Segment Start: Records for this exercise
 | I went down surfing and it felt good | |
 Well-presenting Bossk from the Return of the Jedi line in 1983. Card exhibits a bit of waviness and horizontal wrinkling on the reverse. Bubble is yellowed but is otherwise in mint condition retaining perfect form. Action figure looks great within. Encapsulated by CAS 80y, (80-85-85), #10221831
Segment End: Records for this exercise
Segment Start: Records for this exercise
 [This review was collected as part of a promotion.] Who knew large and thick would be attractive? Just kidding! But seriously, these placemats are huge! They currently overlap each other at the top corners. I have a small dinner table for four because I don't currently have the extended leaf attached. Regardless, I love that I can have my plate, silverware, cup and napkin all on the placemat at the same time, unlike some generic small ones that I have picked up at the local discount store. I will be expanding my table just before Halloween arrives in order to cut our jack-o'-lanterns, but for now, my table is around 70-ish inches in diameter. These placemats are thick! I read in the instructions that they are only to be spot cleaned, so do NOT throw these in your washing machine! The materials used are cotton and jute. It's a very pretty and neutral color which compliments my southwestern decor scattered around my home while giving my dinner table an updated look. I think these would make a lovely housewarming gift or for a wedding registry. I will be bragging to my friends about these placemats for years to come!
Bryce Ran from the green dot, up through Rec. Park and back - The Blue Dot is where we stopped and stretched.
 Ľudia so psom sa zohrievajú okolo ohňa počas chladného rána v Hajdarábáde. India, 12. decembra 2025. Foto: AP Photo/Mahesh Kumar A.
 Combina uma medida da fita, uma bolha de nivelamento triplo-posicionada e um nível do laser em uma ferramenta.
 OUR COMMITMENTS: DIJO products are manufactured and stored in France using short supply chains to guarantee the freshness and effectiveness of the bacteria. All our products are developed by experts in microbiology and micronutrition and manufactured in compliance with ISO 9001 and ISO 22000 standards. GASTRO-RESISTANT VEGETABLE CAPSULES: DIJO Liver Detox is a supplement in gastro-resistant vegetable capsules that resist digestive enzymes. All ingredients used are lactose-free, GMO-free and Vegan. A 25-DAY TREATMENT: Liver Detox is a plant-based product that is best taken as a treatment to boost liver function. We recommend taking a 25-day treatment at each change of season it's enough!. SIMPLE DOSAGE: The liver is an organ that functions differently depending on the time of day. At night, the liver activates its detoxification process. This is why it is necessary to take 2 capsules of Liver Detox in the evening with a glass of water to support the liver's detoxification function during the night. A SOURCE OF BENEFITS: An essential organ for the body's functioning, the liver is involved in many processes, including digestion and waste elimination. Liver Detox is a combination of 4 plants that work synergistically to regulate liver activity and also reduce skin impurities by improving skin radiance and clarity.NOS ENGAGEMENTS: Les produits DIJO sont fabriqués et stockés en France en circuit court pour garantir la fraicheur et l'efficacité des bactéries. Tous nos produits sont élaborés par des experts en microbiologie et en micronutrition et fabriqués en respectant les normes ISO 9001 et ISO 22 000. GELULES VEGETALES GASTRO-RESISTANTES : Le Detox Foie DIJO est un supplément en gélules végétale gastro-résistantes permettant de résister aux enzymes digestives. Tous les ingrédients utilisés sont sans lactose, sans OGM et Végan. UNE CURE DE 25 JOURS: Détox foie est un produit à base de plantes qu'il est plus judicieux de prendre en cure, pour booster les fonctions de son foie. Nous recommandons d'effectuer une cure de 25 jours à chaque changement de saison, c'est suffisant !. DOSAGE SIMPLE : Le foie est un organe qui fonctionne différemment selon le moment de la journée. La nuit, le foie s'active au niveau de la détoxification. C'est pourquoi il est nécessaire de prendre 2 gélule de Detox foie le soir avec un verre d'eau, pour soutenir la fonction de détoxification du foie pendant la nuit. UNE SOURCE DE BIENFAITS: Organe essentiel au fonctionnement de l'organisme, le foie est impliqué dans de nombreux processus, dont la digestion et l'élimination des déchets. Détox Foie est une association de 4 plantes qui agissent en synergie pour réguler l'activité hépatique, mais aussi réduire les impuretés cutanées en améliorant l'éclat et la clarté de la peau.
Segment End: Records for this exercise
Work order:
For each line above that contains "from", make a copy.

Problem solution:
 Well-presenting Bossk from the Return of the Jedi line in 1983. Card exhibits a bit of waviness and horizontal wrinkling on the reverse. Bubble is yellowed but is otherwise in mint condition retaining perfect form. Action figure looks great within. Encapsulated by CAS 80y, (80-85-85), #10221831
Bryce Ran from the green dot, up through Rec. Park and back - The Blue Dot is where we stopped and stretched.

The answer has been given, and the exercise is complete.